LAWS(BOM)-1983-10-16

COMMISSIONER OF INCOME TAX Vs. JAWANAL GEMAJI GANDHI

Decided On October 05, 1983
COMMISSIONER OF INCOME TAX Appellant
V/S
JAWANMAL GEMAJI GANDHI Respondents

JUDGEMENT

(1.) THE assessee firm carried on the business of purchasing and selling gold and silver ornaments. For the assessment year in question, that is, 1962 63, the accounting period being S. Y. 2017, the assessee showed a gross profit of Rs. 42,428 on sales of Rs. 3,78,064, which worked out to 11.2 per cent. The ITO had in the previous year increased the gross profit to about 14.2per cent, which the AAC reduced to 13.8per cent. For the year in question, therefore, the ITO estimated the sales at Rs. 3,85,000 and gross profit thereon at 13.8per cent. It appeared that during the course of S. Y. 2017, that is, on September 1, 1961, the Central Excise authorities bad seized gold weighing something more than 76 tolas sent to the assessee at Kolhapur. The consignor had admitted in excise proceedings that he was an employee of the assessee. An explanation had been sought to be tendered by the assessee regarding this gold, but the excise authorities did not accept the explanation and confiscated the gold, which order of confiscation was confirmed by the Central Board of Excise and Customs. No further appeal had been preferred. Having regard to this, the ITO did not accept the assessee's claim that the gold that had been seized came out of the stock of gold on hand with the assessee. As no other alternative source to prove the acquisition of gold was shown by the assessee, it was held by the ITO that its value was the income of the assessee from undisclosed sources. The value worked out to Rs. 9,375. The ITO, therefore, added to the income of the assessee the sum of Rs. 10,702 on the basis of the estimated turnover and Rs. 9,375 on account of the gold.

(2.) THE assessee preferred an appeal before the AAC and reiterated its explanation about the acquisition of gold. It did not seriously contest the addition of Rs. 10,702 on account of the estimated turnover. The AAC concluded that the ITO was justified in treating the sum of Rs. 9,375 as income from undisclosed sources. The assessee went up in further appeal before the Tribunal. It was, inter alia, contended on behalf of the assessee that as there had been an intangible addition of Rs. 10,702 for the same assessment year, there was no reason to make a separate addition of Rs. 9,375. It was submitted that even if the assessee's explanation regarding acquisition of gold had to be held to be not true, the source of the disputed amount of Rs. 9,375 could easily be assumed to have come out of the intangible additions. The Tribunal stated that having regard to all the facts before it, it was satisfied that there was no good ground for making a separate addition of Rs. 9,375 and deleted the same.

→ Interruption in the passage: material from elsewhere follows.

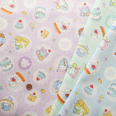 コットンオックスプリント生地 みいるかスイーツ(表布Aに使用)
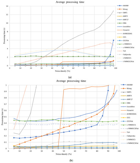 Evolution of the average computational processing times of all the filters for the images of the test set with respect to the considered noise densities. (a) Complete figure. (b) Zoomed figure for processing times less than 1 s.

(3.) MR . Joshi, learned counsel for the Revenue, having taken us through the orders of the ITO, the AAC and the Tribunal, referred us to the judgment of the Supreme Court in Anantharam Veerasinghaiah & Co. vs. CIT (1980) 16 CTR (SC) 189 : (1980) 123 ITR 457 (SC). We may go straight to the observations that Mr. Joshi stressed. The Court observed that there can be no escape from the proposition that the secret profits or undisclosed income of an assessee earned in an earlier assessment year may constitute a fund, even though concealed, from which the assessee may draw subsequently for meeting expenditure or introducing amounts in his account books. But it is quite another thing to say that any part of that fund must necessarily be regarded as the source of the unexplained expenditure incurred. The mere availability of such a fund could not, in all cases, imply that the assessee had not earned further secret profits during the relevant assessment year. It was a matter for consideration by the taxing authority in each case whether the unexplained cash deficits and the cash credits could be reasonably attributed to a pre existing fund of concealed profits or they were reasonably explained by reference to concealed income earned in that very year. A number of circumstances of vital significance could point to the conclusion that the cash deficit or cash credit could not reasonably be related to the amount covered by the intangible addition but must be regarded as pointing to the receipt of undisclosed income earned during the assessment year under consideration. It was open to the Revenue to rely on all the circumstances pointing to that conclusion.